The following lines are not intended as a history of distributed systems nor should they give a canonical view on how to teach the topic. They should should explain the forces that changed my lectures considerably and how this affected the way the lecture worked. If your are interested in historical aspects of DS, I have some diagrams in my intro lecture and I have added a whole session on "Services", as this seems to be a decades-spanning paradigm in DS. In the winter term of 2001/2 I started giving a course on distributed systems at the Stuttgart Media University HdM as an associate professor and in the summer term 2002 I started as a full professor. The Distributed Systems lecture (I will abbreviate it to DS from now) has always been kind of special for me, as it was my first lecture and also the one most tightly connected to my past in the industry. The last couple of years before becoming a professor I used to build large distributed frameworks, banking backbones and corporate portals - basically all distributed systems to various degrees.

Indeed, it was a talk on the scalability problems of large portals that made the university hire me. Without knowing it at the time, the performance and scalability problems found in large enterprise portals were a sign of what was to come a few years later with social media. But at that time many programmers were still rooted in the concepts of distributed objects as a programming model for distributed systems.

The first years: middleware and exercises

The first years teaching DS went without problems. The course was never mandatory but usually between 20 and 30 students decided to take it. The course consisted of lecture (2 hours) and exercises (4 hours) and for a newly assigned professor this is a good division of labor (:-). The theoretical base was rather slim: a few things like delivery guarantees and fallacies and off the students went to try out existing middleware. A few exercises at the beginning of the course made sure that everybody was familiar with socket programming and distributed objects. RMI turned out to be easy to use and an ideal candidate for testing the distributed waters. After those initial sessions groups of students decided on a specific middleware to bild a small demonstration project till the end of term. Some decided to stick with socket programming, some built something with RMI or some messaging middleware.

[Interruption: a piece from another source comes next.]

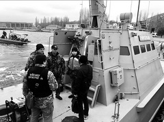 На малом бронекатере «Бердянск» также отсутствует все перечисленное. Кроме того, российскими снарядами пробита бронерубка и машинное отделение, поврежден левый двигатель.

Later, Enterprise Java Beans projects became popular.

In those years, the programming model used was an alias for distributed computing or distributed systems. Actually, the "systems" aspect was very small and the programming model aspect (interfaces, languages etc.) strong. I also had a CORBA session embedded in the lecture as many students still met this technology later in larger corporations. The CORBA frameworks became more complex and then OMG invented model-driven-architectures and model transformations and so on. It was not really so clear at that time, but most of the technology in distributed systems was for INHOUSE use only! And distributed inhouse applications were difficult without doubt, but they never had to face the problems of Internet applications or servers. And their developers never had to worry about those either. This actually was a big part of the problems behind corporate portals, where the distribution specific problems were largely underestimated.. Some peer-to-peer frameworks were popular as well (jxta from sun e.g.) but they were cumbersome to use when really used over the Internet.

Jim Waldo had raised an important issue during the development of RMI: How transparent can a distributed systems middleware really be? How much should it hide from developers? Despite Waldo's critique, EJB and application servers in general gave a clear answer to this: as much as possible. The programming model concept dominated the distributed systems concept clearly. But no ton of middleware is bringing Rome any closer to Munich!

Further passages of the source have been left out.